[Information shown]

====================

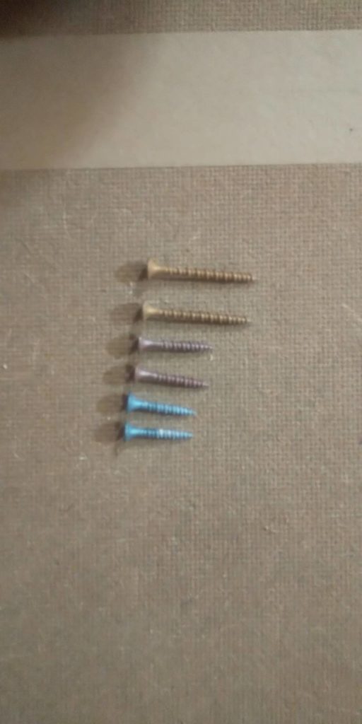 工事をするときによく使う「ビス」についてですが、いくつか長さの種類があり、色で識別できるようになっています。
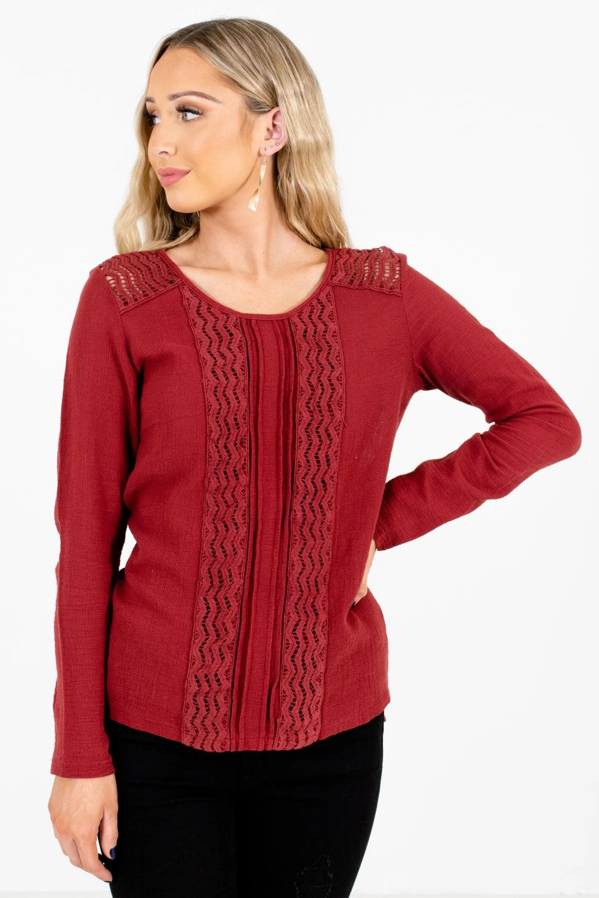 Our new You’re My Everything Rust Red Top is perfect for everyday wear! This cute top is a solid rust red color. It features a round neckline, keyhole back, and long sleeves! We’re obsessed with the crochet lace detailing on the bodice. The lightweight material is great for layering! Pair our You’re My Everything Rust Red Top with skinny jeans and your favorite booties to create a cute, everyday look.
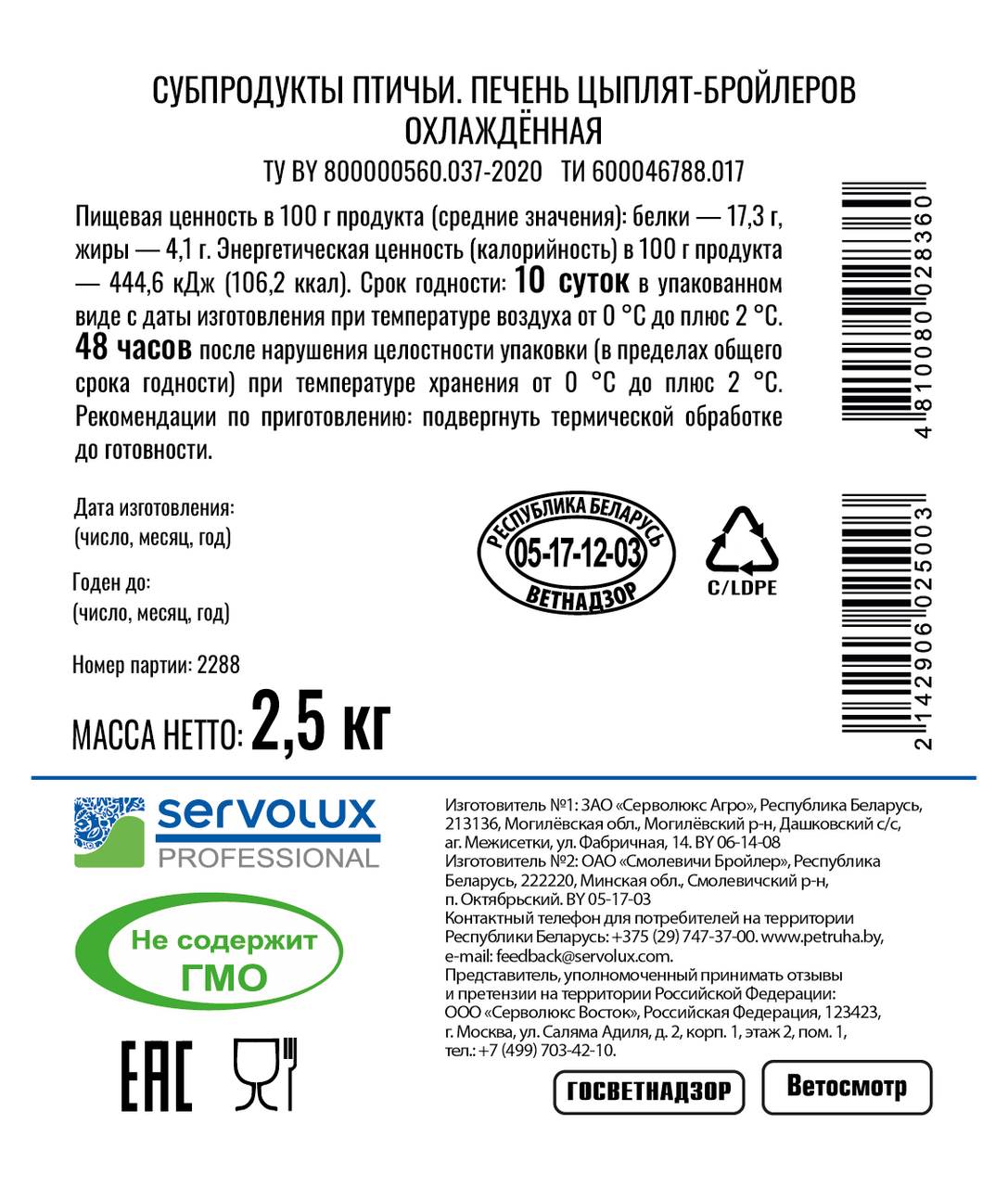 Печень цыпленка-бройлера Servolux Professional охлажденная, ~2.5кг

====================

[How to complete this task] Your task is to repeat the listing exactly while omitting its pictures.

[Solution to the problem]
 工事をするときによく使う「ビス」についてですが、いくつか長さの種類があり、色で識別できるようになっています。
 Our new You’re My Everything Rust Red Top is perfect for everyday wear! This cute top is a solid rust red color. It features a round neckline, keyhole back, and long sleeves! We’re obsessed with the crochet lace detailing on the bodice. The lightweight material is great for layering! Pair our You’re My Everything Rust Red Top with skinny jeans and your favorite booties to create a cute, everyday look.
 Печень цыпленка-бройлера Servolux Professional охлажденная, ~2.5кг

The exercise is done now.